[[ RECORDS TO USE, beginning ]]

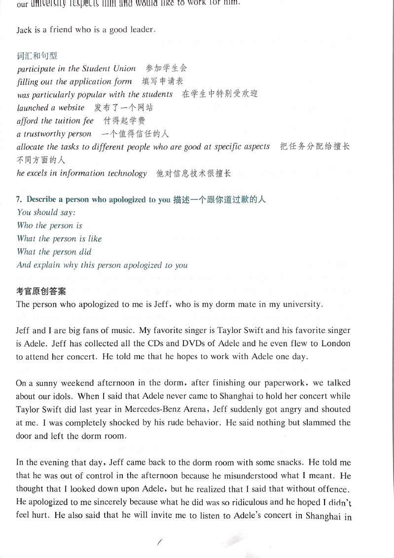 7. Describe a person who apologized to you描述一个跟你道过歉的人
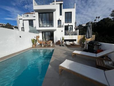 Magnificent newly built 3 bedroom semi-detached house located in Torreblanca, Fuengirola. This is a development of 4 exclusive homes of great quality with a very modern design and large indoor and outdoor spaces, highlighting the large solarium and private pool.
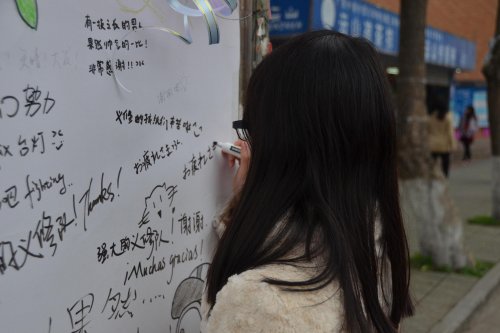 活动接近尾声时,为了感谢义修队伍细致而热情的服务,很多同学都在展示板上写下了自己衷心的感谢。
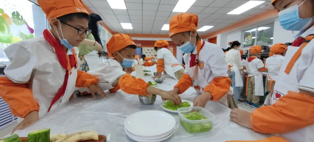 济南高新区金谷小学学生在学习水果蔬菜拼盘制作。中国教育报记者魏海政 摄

[[ RECORDS TO USE, end ]]
[[ RECORDS TO USE, beginning ]]

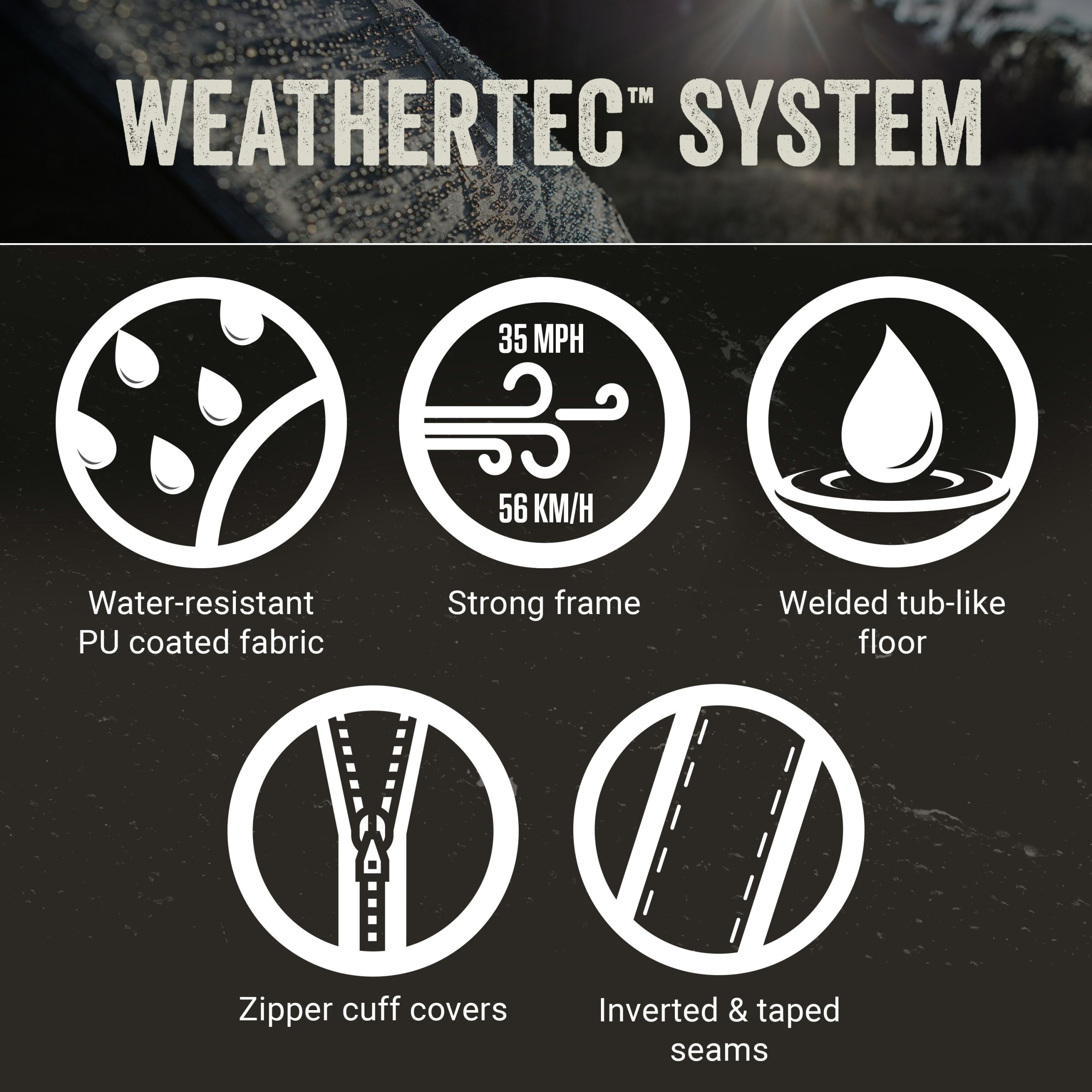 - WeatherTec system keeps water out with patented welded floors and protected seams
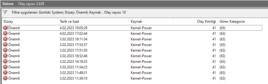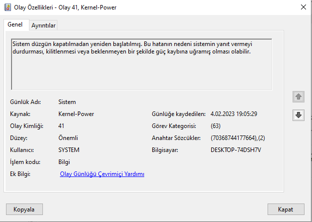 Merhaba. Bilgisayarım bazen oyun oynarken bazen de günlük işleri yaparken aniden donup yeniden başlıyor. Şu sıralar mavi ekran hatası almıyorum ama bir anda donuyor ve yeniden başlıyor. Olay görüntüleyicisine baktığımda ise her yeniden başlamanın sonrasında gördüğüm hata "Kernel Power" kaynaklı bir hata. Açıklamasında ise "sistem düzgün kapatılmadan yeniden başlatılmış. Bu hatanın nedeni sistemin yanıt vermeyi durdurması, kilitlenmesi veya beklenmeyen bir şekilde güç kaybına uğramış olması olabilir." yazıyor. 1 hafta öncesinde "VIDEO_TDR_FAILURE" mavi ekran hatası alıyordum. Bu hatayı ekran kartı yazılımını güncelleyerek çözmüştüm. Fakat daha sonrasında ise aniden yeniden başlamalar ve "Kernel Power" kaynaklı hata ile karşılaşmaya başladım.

[[ RECORDS TO USE, end ]]

◆ **WORK TASK**
Copy only this from above: the line containing "- WeatherTec system", the line containing "Merhaba. Bilgisayarım bazen", and all lines between, printed exactly. Leave out the pictures.

◆ **EXERCISE OUTPUT**
 - WeatherTec system keeps water out with patented welded floors and protected seams
 Merhaba. Bilgisayarım bazen oyun oynarken bazen de günlük işleri yaparken aniden donup yeniden başlıyor. Şu sıralar mavi ekran hatası almıyorum ama bir anda donuyor ve yeniden başlıyor. Olay görüntüleyicisine baktığımda ise her yeniden başlamanın sonrasında gördüğüm hata "Kernel Power" kaynaklı bir hata. Açıklamasında ise "sistem düzgün kapatılmadan yeniden başlatılmış. Bu hatanın nedeni sistemin yanıt vermeyi durdurması, kilitlenmesi veya beklenmeyen bir şekilde güç kaybına uğramış olması olabilir." yazıyor. 1 hafta öncesinde "VIDEO_TDR_FAILURE" mavi ekran hatası alıyordum. Bu hatayı ekran kartı yazılımını güncelleyerek çözmüştüm. Fakat daha sonrasında ise aniden yeniden başlamalar ve "Kernel Power" kaynaklı hata ile karşılaşmaya başladım.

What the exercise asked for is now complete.